======== Supplied information ========
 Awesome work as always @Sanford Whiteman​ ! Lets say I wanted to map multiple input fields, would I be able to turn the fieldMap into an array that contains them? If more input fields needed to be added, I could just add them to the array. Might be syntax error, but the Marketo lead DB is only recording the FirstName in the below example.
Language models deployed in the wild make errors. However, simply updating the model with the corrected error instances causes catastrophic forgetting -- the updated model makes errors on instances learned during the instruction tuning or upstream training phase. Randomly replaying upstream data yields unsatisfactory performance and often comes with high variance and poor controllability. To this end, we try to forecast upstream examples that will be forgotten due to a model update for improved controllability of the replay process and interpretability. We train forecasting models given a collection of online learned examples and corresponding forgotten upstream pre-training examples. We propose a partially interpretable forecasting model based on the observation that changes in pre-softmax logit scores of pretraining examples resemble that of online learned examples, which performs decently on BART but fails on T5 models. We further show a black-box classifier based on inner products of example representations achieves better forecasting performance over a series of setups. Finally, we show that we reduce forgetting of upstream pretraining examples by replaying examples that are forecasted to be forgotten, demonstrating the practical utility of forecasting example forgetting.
========
======== Supplied information ========
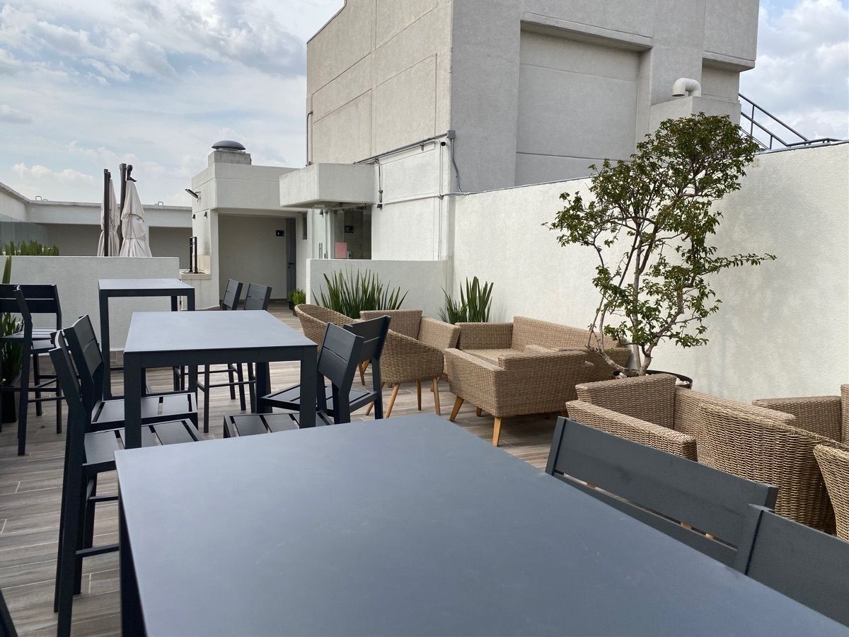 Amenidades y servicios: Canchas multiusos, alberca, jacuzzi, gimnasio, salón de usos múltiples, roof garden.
========
Work task = Go through the lines of the material, counting those with the word "that"; afterward give only the total.

Task output = 2